I am trying to extract the fire_danger and uv_alert. I can extract the forecast line directly above but just can’t get the other 2.

The py is here

class BOMForecastData:
    """Get data from BOM."""

    def __init__(self, product_id):
        """Initialize the data object."""
        self._product_id = product_id

    def get_reading(self, condition, index):
        """Return the value for the given condition."""
        if condition == 'detailed_summary':
            if PRODUCT_ID_LAT_LON_LOCATION[self._product_id][3] == 'City':
                detailed_summary = self._data.find(_FIND_QUERY_2.format(index)).text
            else:
                detailed_summary = self._data.find(_FIND_QUERY.format(index, 'forecast')).text
            return (detailed_summary[:251] + '...') if len(detailed_summary) > 251 else detailed_summary
        
        find_query = (_FIND_QUERY.format(index, SENSOR_TYPES[condition][0]))
        state = self._data.find(find_query)

        if condition == 'icon':
            return ICON_MAPPING[state.text]
"""
        if condition == 'uv_alert':
            uv_alert = self._data.find(_FIND_QUERY.format(index, 'uv_alert')).text
            return uv_alert
        if condition == 'fire_danger':
            fire_danger =  self._data.find(_FIND_QUERY.format(index, 'fire_danger')).text
            return fire_danger
"""
        if state is None:
            if condition == 'possible_rainfall':
                return '0 mm'
            return 'n/a'
        s = state.text
        return (s[:251] + '...') if len(s) > 251 else s

I’m commenting out the non-working lines…

The full component is here…

This forum brings together people from all around the world and introduces us to regulations, terminology, and practices employed elsewhere. When I read ‘fire_dander’ I approached it with an open mind and assumed those clever Aussies had invented a term for the particulates produced by wildfires. A quick scan through the XML revealed … ‘fire_danger’. So it was nothing more than just another occurrence of a cross-cultural typo. :slight_smile:

1 Like

Just been listening to the news regarding Aussie fire danger. I’m sure I speak for everyone in wishing you good luck and best wishes @DavidFW1960 and the other Aussies on the forum.

Thanks Nick.
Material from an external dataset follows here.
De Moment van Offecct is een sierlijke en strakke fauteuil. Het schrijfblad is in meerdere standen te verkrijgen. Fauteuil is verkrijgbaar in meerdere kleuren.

It’s weird. It’s cool (23°C) today and tomorrow is supposed to be 37° and windy and they forecast ‘cataclysmic’ fire conditions. We have in the past (1994) been evacuated and a couple of other scares. Hard to know what will happen but it doesn’t really feel like much right now…
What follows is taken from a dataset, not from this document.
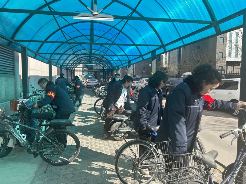 分公司团委组织青年同志来到自行车棚,扫除积雪,将地面卫生打扫干净;将所有自行车辆摆放整齐。大家分工明确,配合默契,车棚变得整洁有序,同志们都很高兴。

Where are you? We are mainly hearing about Sydney and also some fires in Queensland.

Just north of Sydney… 1/2 way between Syd & Newcastle…

1 Like

I can see that your XPath starts with a dot which selects the “current node”. While this may work in some cases, I am not convinced that this approach works reliably. If the root element never changes you could just specify that at the beginning (/product/forecast/...).

You’re talking a foreign language here lol… I would be grateful for any help or a PR… I am putting mt working version on github here https://github.com/DavidFW1960/bom_forecast/blob/eb640fd2b6c45128141223bb8b48578e6bf7b10b/custom_components/bom_forecast/sensor.py.work

Sorry, let’s try this a different way :slight_smile:

Try changing this line from:

_FIND_QUERY = "./forecast/area[@type='location']/forecast-period[@index='{}']/*[@type='{}']" 

to:

_FIND_QUERY = "/product/forecast/area[@type='location']/forecast-period[@index='{}']/*[@type='{}']"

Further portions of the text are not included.